One main reason why the Mac is slower than MS-DOS machines in
benchmarks is because Mac compilers are less developed than MS-DOS
compilers but it's a fact that everybody has to live with. The most
important fact is we are not comparing the raw processors here.

>
>Comparing a 2.5 MHz GS to an 8MHz Mac, the GS actually won the Sieve
>race, came close in others, and managed to hold some ground on the
>rest... Remember, the average 65816 cycles/instruction is ~5, while the
>minimum cycles/instruction on a 68000 series is ~4 (and goes up steeply
>from there in increments of 2 or 4 cycles (can't remember which, just
>remember seing instructions which took over 20 cycles to execute)...)
65816 takes 3 cycles to read a 16-bit word, the 68000/010 4 cycles
and the 68020/030 3 cycles for a 32-bit long word. The 030 has a
special burst fill mode that takes in 4 32-bit long words in 5
cycles! This is not implemented on the IIcx and SE/30 but on the
IIci. On top of that, the 030 comes with data and code caches of
32 32-bit long words each. The overlapping of instruction 
execution is such that instructions can take *0 cycles* to
execute. The 68040 is typically 3 to 4 times the speed of the
030 at the same clock rate. While people are still trying to
confirm the presence of a 20Mhz 816 (and the IIGS has the 2.8Mhz
one), the maximum clock rate for the 030 is now at 50Mhz.

>
>Don't under-estimate the power of the 65816 - even though it lacks some
>instructions (notably MUL and DIV) and some other features
>(multitudinous registers), but it is also more efficient and has some
>unique features of its own (direct page, fast increments, etc...)
>
Neither the 680x0 nor the 658xx families are true RISC chips. It'll be
interesting to watch for the next generation (68040 and 65832). A 68040
Mac (and NeXT) will probably make the debut by the end of the year. But for
now the fast-increments is equivalent to the ADDQ and SUBQ on the 680x0
(with the choice of more data registers), the direct page, a bigger but
more limited version of the 680x0's 8 data and 8 address registers.

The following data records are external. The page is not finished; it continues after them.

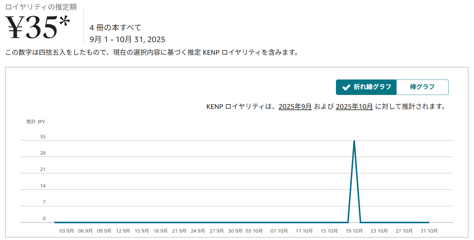 久しぶりに・・・ロイヤリティが35円計上されました。Amazon Kindle Unlimittedでお読みいただきました皆さん、ありがとうごいます!!
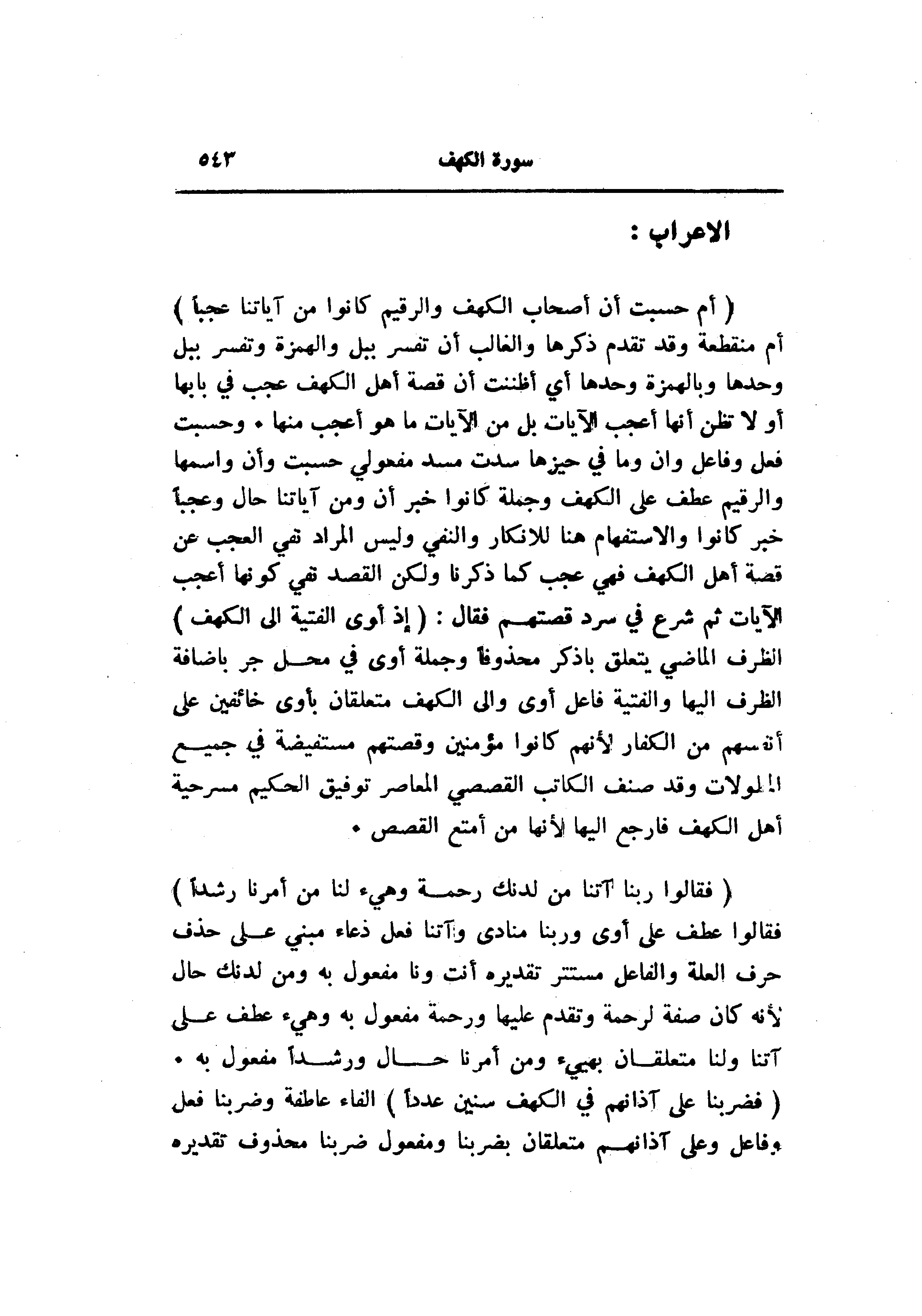 (أَمْ حَسِبْتَ أَنَّ أَصْحابَ الْكَهْفِ وَالرَّقِيمِ كانُوا مِنْ آياتِنا عَجَباً) أم منقطعة وقد تقدم ذكرها والغالب أن تفسر ببل والهمزة وتفسر ببل وحدها وبالهمزة وحدها أي أظننت أن قصة أهل الكهف عجب في بابها أو لا تظن أنها أعجب الآيات بل من الآيات ما هو أعجب منها. وحسبت فعل وفاعل وان وما في حيزها سدت مسد مفعولي حسبت وأن واسمها والرقيم عطف على الكهف وجملة كانوا خبر أن ومن آياتنا حال وعجبا خبر كانوا والاستفهام هنا للانكار والنفي وليس المراد نفي العجب عن قصة أهل الكهف فهي عجب كما ذكرنا ولكن القصد نفي كونها أعجب الآيات ثم شرع في سرد قصتهم فقال: (إِذْ أَوَى الْفِتْيَةُ إِلَى الْكَهْفِ) الظرف الماضي يتعلق باذكر محذوفا وجملة أوى في محل جر باضافة الظرف إليها والفتية فاعل أوى والى الكهف متعلقان بأوى خائفين على أنفسهم من الكفار لأنهم كانوا مؤمنين وقصتهم مستفيضة في جميع المطولات وقد صنف الكاتب القصصي المعاصر توفيق الحكيم مسرحية أهل الكهف فارجع إليها لأنها من أمتع القصص.
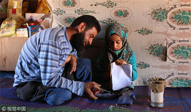 叙利亚难民营现状:残疾女孩用锡罐当双腿
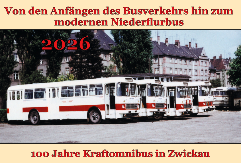 Unser Kalender für das Jahr 2026 widmet sich dem Thema "100 Jahre städtischer Busverkehr in Zwickau". Der Kalender ist ab sofort im Servicecenter der Städtische Verkehrsbetriebe Zwickau GmbH für 12 € erhältlich.

My Dhrystone timings on APW C and THINK C:

APple IIGS w/o Transwarp  162/sec
Apple IIGS w Transwarp    274/sec
Mac Plus                  854/sec
Mac SE                   1035/sec
Mac SE/30                4300/sec

Timings I didn't do:

Apple IIe                  60/sec
Accorn Archimedes        5100/sec
NeXT                     5800/sec
DEC Vax 11/780 mini      2100/sec
Typical 25Mhz 386-clone  7000+/sec

By the way, Sieve under THINK C on my SE/30 takes abt 3.9s for 100 iterations
It takes about 56s under Orca/Pascal and almost 70 to 90s for APW C.